In a pair of recent decisions — Lafler v. Cooper and Missouri v. Frye — the U.S. Supreme Court held that criminal defendants have the right to effective assistance of counsel during the plea-bargaining process, the means by which 97 percent of federal cases and 94 percent of state cases are resolved. Legal scholars were quick to describe the decisions as “bold” and “huge.” See Erica Goode, “Stronger Hand for Judges in the ‘Bazaar’ of Plea Deals,” N.Y. Times, March 22, 2012, at A12. Wesley M. Oliver, a professor at Widener University School of Law, even went so far as to assert that Lafler and Frye “constitute the single greatest revolution in the criminal justice system since Gideon v. Wainwright,” the landmark 1963 case in which the Supreme Court held that criminal defendants must be provided an attorney when they can’t afford to hire their own. See Adam Liptak, “Justices’ Ruling Expands Rights of Accused in Plea Bargains,” N.Y. Times, March 21, 2012, at A1.

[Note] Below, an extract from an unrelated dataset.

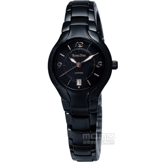 momo購物網-【羅梵迪諾_Roven Dino】城市風尚‧藍寶石鏡面黑鋼腕錶-玫瑰金 - 小(RD630B)

Lafler and Frye no doubt provide an important remedy to criminal defendants who didn’t receive effective assistance from their lawyers in plea negotiations and, thus, were subjected to less favorable outcomes. But neither decision provides any real support to attorneys actually looking to effectively help their clients decide whether or not to go to trial. Rather, only changes in the rules governing governmental disclosure obligations will.